Copy the records below exactly, starting at the line that contains "this form below." and ending at the line that contains "注意:默认关闭,且仅支持PC客户端的表格类视图的快捷编辑。"; leave out any pictures.

**Provided data:**
++++++++++

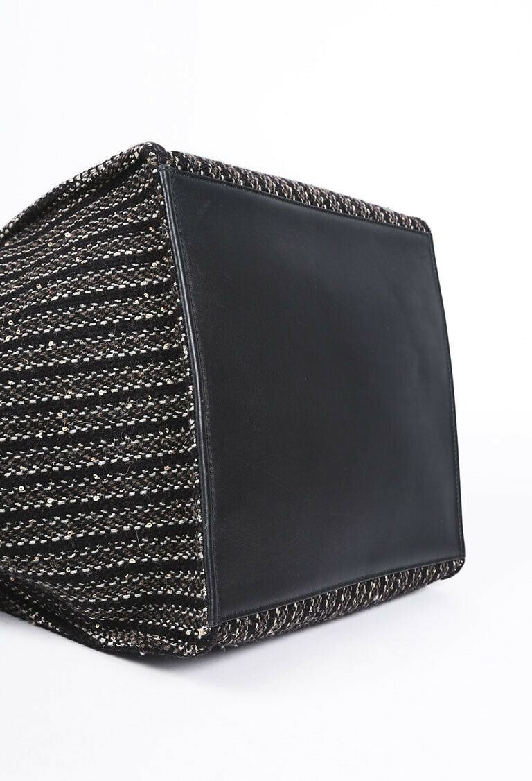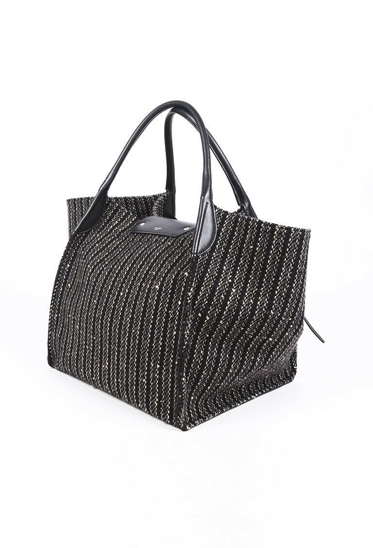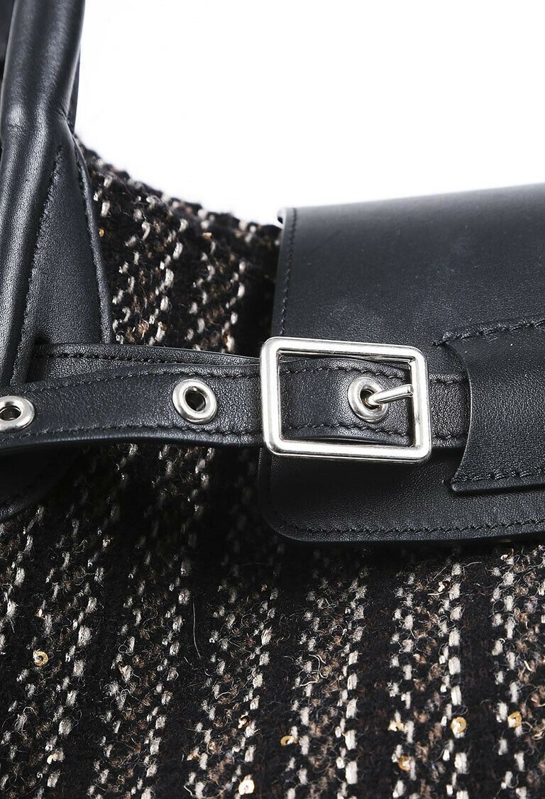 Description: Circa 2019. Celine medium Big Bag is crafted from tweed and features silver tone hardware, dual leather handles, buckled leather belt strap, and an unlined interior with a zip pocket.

++++++++++

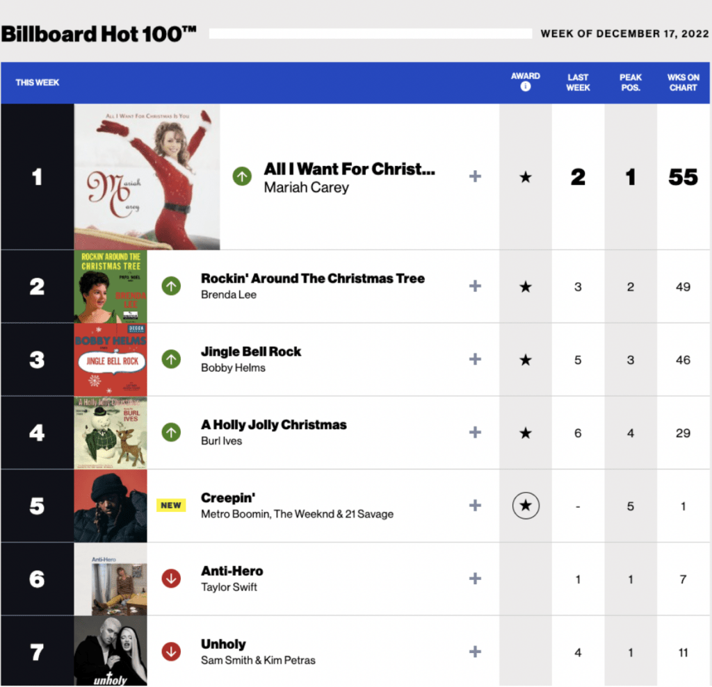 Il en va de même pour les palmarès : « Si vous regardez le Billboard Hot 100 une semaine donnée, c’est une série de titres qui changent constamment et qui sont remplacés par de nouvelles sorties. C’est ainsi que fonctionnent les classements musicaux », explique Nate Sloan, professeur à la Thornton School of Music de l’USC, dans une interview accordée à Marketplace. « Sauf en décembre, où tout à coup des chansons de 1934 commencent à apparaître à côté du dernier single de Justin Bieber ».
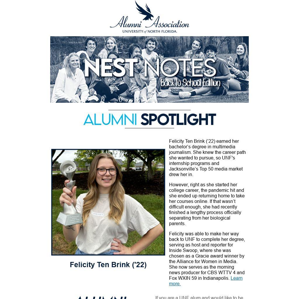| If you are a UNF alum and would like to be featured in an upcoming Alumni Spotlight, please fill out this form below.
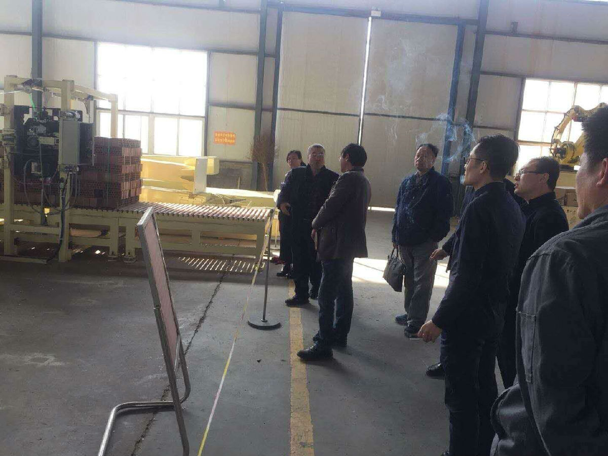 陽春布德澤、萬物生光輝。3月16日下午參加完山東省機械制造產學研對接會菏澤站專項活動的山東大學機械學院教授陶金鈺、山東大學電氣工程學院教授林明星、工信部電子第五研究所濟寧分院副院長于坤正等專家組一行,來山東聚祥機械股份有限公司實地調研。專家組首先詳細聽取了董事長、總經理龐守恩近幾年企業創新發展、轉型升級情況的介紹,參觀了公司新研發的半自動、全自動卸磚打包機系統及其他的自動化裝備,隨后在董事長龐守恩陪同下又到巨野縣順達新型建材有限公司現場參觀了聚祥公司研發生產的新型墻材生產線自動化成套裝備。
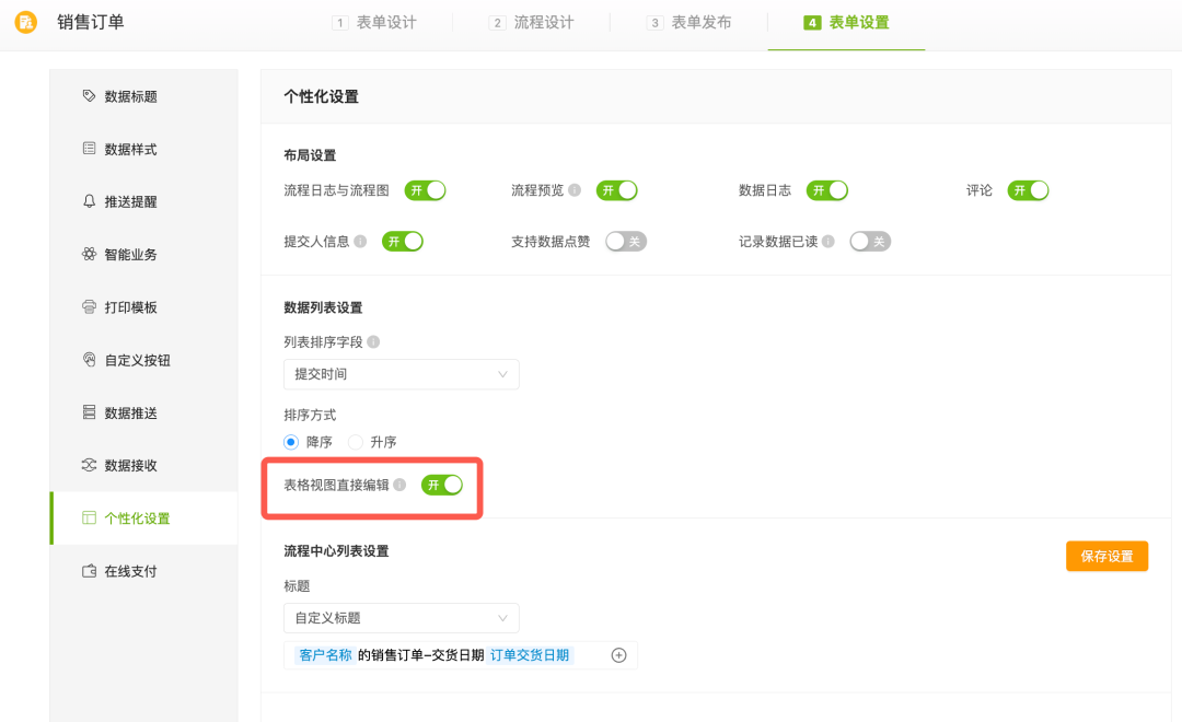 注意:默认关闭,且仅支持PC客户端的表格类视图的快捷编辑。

++++++++++

**Response to the task:**
| If you are a UNF alum and would like to be featured in an upcoming Alumni Spotlight, please fill out this form below.
 陽春布德澤、萬物生光輝。3月16日下午參加完山東省機械制造產學研對接會菏澤站專項活動的山東大學機械學院教授陶金鈺、山東大學電氣工程學院教授林明星、工信部電子第五研究所濟寧分院副院長于坤正等專家組一行,來山東聚祥機械股份有限公司實地調研。專家組首先詳細聽取了董事長、總經理龐守恩近幾年企業創新發展、轉型升級情況的介紹,參觀了公司新研發的半自動、全自動卸磚打包機系統及其他的自動化裝備,隨后在董事長龐守恩陪同下又到巨野縣順達新型建材有限公司現場參觀了聚祥公司研發生產的新型墻材生產線自動化成套裝備。
 注意:默认关闭,且仅支持PC客户端的表格类视图的快捷编辑。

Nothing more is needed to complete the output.